— Кажется, я писал о Джерарде Менли Хопкинсе. Это был один из настоящих современных поэтов. Насколько могу припомнить, я увлекся его стихотворением «Пестрая красота».
Я оставил кабинет, пошел в свою библиотеку и вернулся с покрытым пылью томиком английской поэзии — он сохранился у меня со студенческих лет. Я нашел «Пеструю красоту» на странице 819 и стал читать:
Слезы навернулись мне на глаза.
— Это же стихи об энтузиазме, — сказал я.
— Да.
— И это очень религиозное стихотворение.
— Да.
— Вы писали статью о нем в конце осеннего семестра; то есть это был январь?
— Да.
— Если я не ошибаюсь, ваш друг Хенк погиб в следующем месяце, феврале?
— Да.
Я почувствовал, как нарастает неимоверное напряжение. В эту минуту я не знал толком, что мне делать. Но нужно было что-то делать, и я решился:
— Итак, вас отвергла ваша первая по-настоящему любимая девушка, когда вам было семнадцать, и вы утратили свой энтузиазм по отношению к церкви. Еще через три года погибает ваш друг, и у вас пропадает энтузиазм ко всему на свете.
— Он не пропадал, у меня его отняли! — Тед почти кричал, взволнованный сильнее, чем когда-либо раньше.
— Бог отверг вас, и тогда вы отвергли Бога.
— А что мне было делать? Это дерьмовый мир. И всегда он был дерьмовым.

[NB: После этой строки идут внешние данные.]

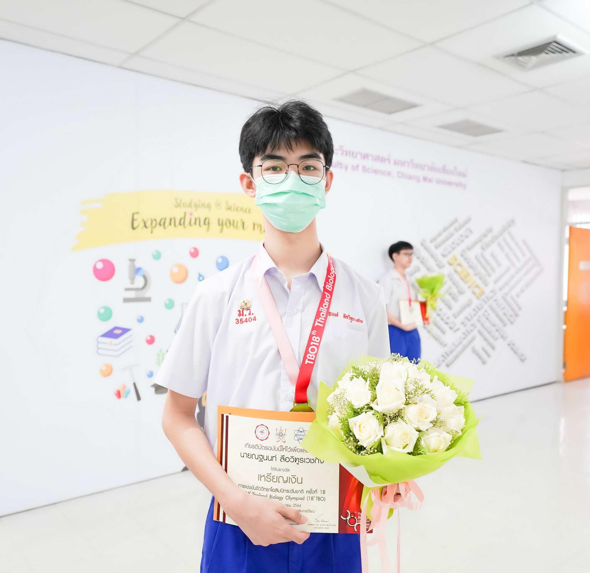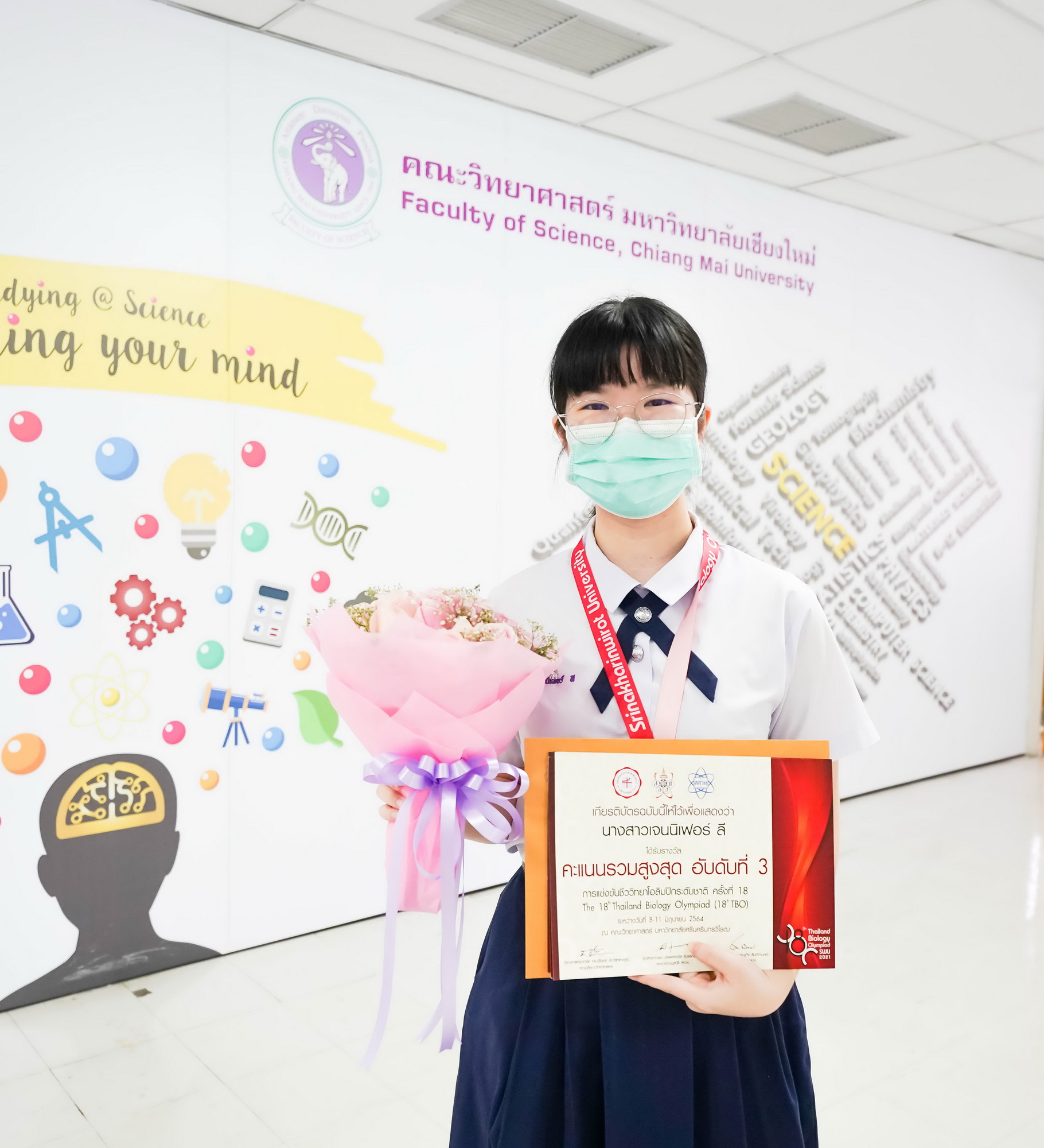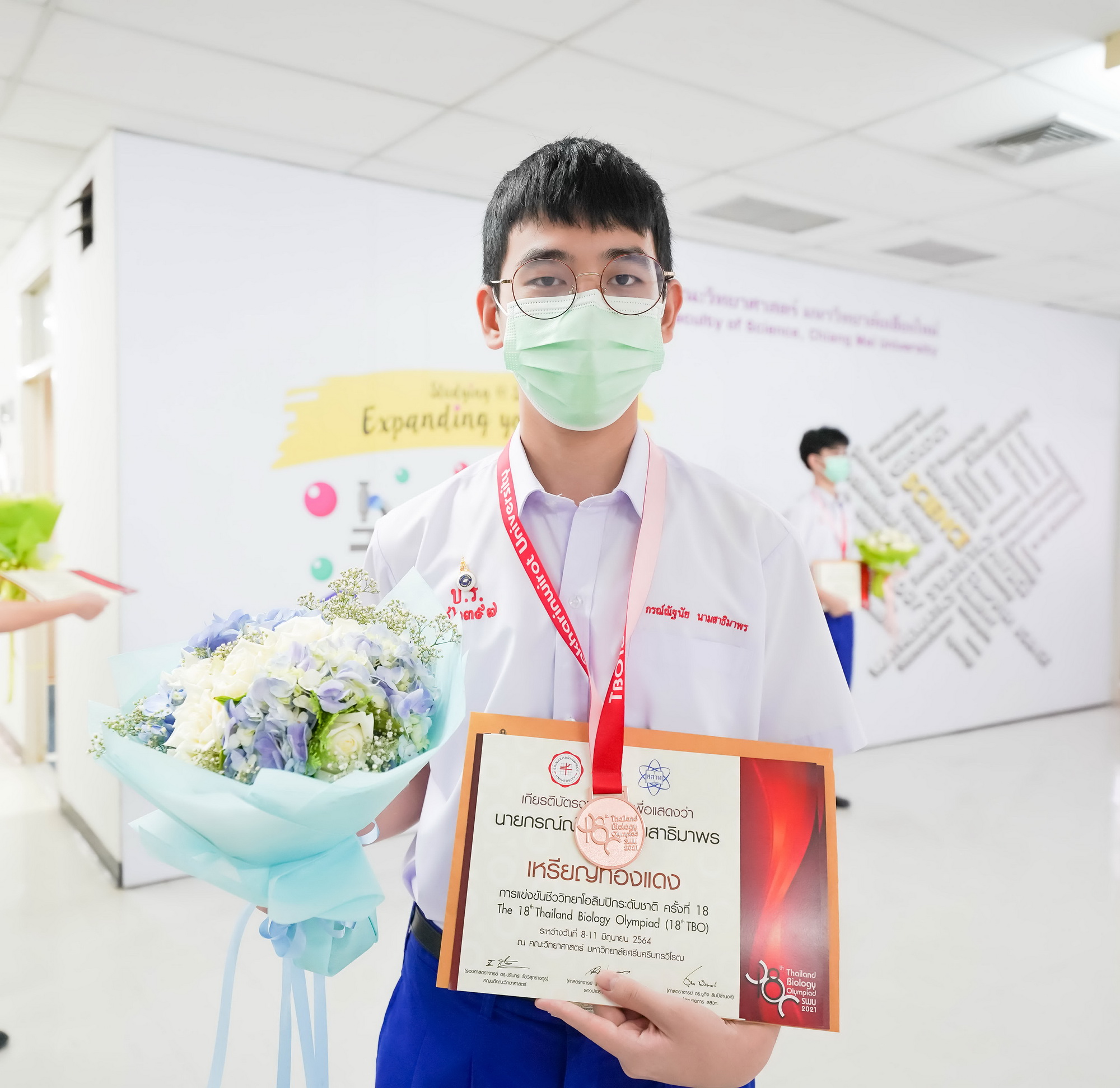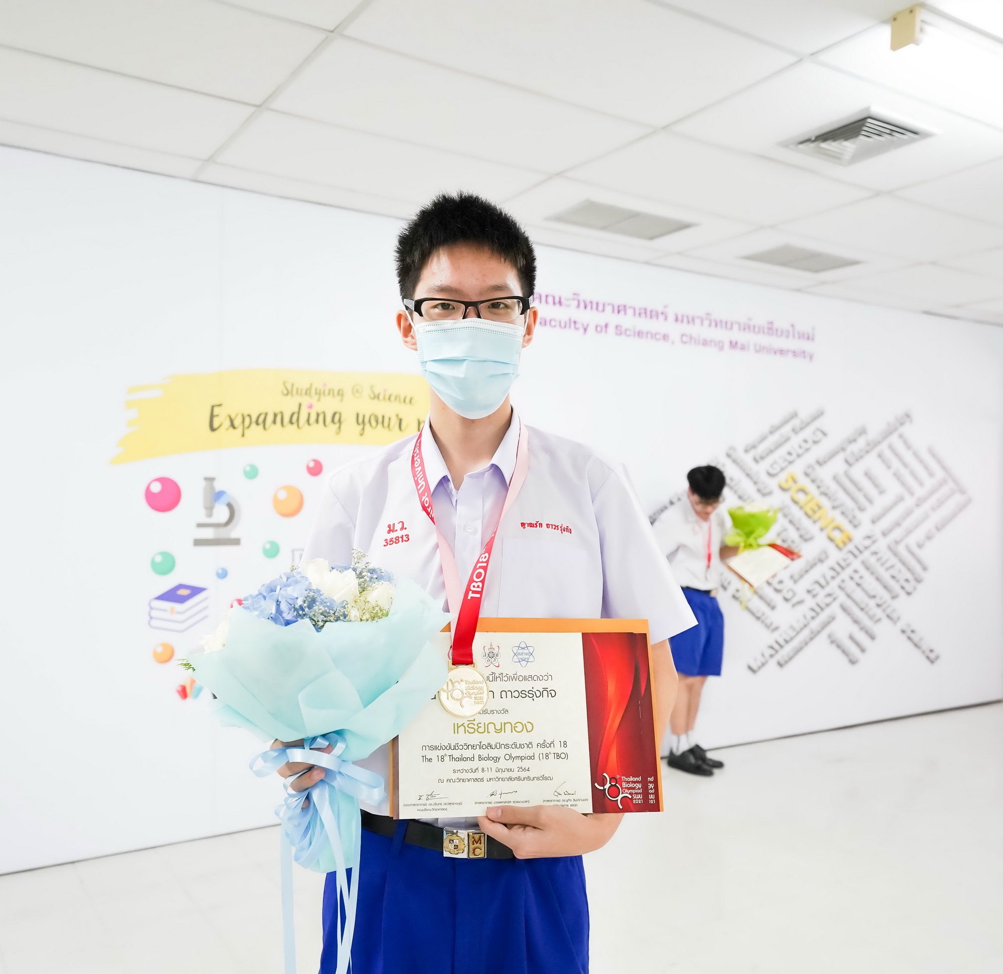 วันที่ 22 กรกฎาคม 2564 คณะวิทยาศาสตร์จัดพิธีมอบเกียรติบัตร เหรียญรางวัล และช่อดอกไม้ เพื่อแสดงความยินดีกับนักเรียนผู้แทนศูนย์ สอวน. มหาวิทยาลัยเชียงใหม่ ที่เข้าร่วมการแข่งขันชีววิทยาโอลิมปิกระดับชาติ ครั้งที่ 18 (18th Thailand Biology Olympiad: 18th TBO) ระหว่างวันที่ 8-11 มิถุนายน 2564 ซึ่งจัดโดยมหาวิทยาลัยศรีนครินทรวิโรฒ ในรูปแบบออนไลน์ โดยมีผู้ช่วยศาสตราจารย์ ดร.ภควรรณ พวงสมบัติ รองคณบดีฝ่ายวิชาการ คณะวิทยาศาสตร์ พร้อมด้วย รองศาสตราจารย์ ดร.หทัยชนก เนียมทรัพย์ รองคณบดีฝ่ายบริหาร ผู้ช่วยศาสตราจารย์ ดร.ชิตชล ผลารักษ์ หัวหน้าภาควิชาชีววิทยา ผู้ช่วยศาสตราจารย์ ดร.สิริพร โรจน์อารยานนท์ ประธานสาขาชีววิทยา ศูนย์ สอวน. มหาวิทยาลัยเชียงใหม่ และนายพร พรมมหาราช เลขานุการคณะวิทยาศาสตร์ ร่วมมอบเกียรติบัตร เหรียญรางวัล และช่อดอกไม้ ให้กับนักเรียนผู้แทนศูนย์ สอวน. มหาวิทยาลัยเชียงใหม่ จำนวน 6 คน ที่เข้าร่วมการแข่งขัน ซึ่งมีผู้เข้าแข่งขันทั้งสิ้น 95 คน จาก 13 ศูนย์ทั่วประเทศ และมีผลการแข่งขัน ดังนี้

— Я думал, ваше детство было счастливым.
— Нет. Оно тоже было дерьмовым.
И это была правда. Под внешней видимостью благополучного родительского дома скрывалась ежедневная изнурительная битва. Оба старших брата постоянно донимали его с беспощадной жестокостью. Родители были слишком заняты собственной карьерой и ненавистью друг к другу, чтобы обращать внимание на мелкие детские проблемы, и никаким образом не заботились о защите маленького обиженного Теда. Он убегал из дому, и длительные одинокие прогулки по окрестностям были его единственным утешением. Мы установили, что эти детские привычки — ему тогда и десяти еще не было — стали прообразом его отшельнических склонностей. Приходская школа принесла некоторое облегчение, там не было такой жестокости. В ходе наших разговоров все больше нарастала — точнее, высказывалась — его обида на весь мир. Несколько месяцев Тед облегчал свою душу рассказами о своих детских страданиях, о боли утраты Хенка, о тысячах маленьких болей, смертей, отвергнутых ожиданий и потерь. Вся жизнь его казалась водоворотом смерти и мучения, опасности и дикости.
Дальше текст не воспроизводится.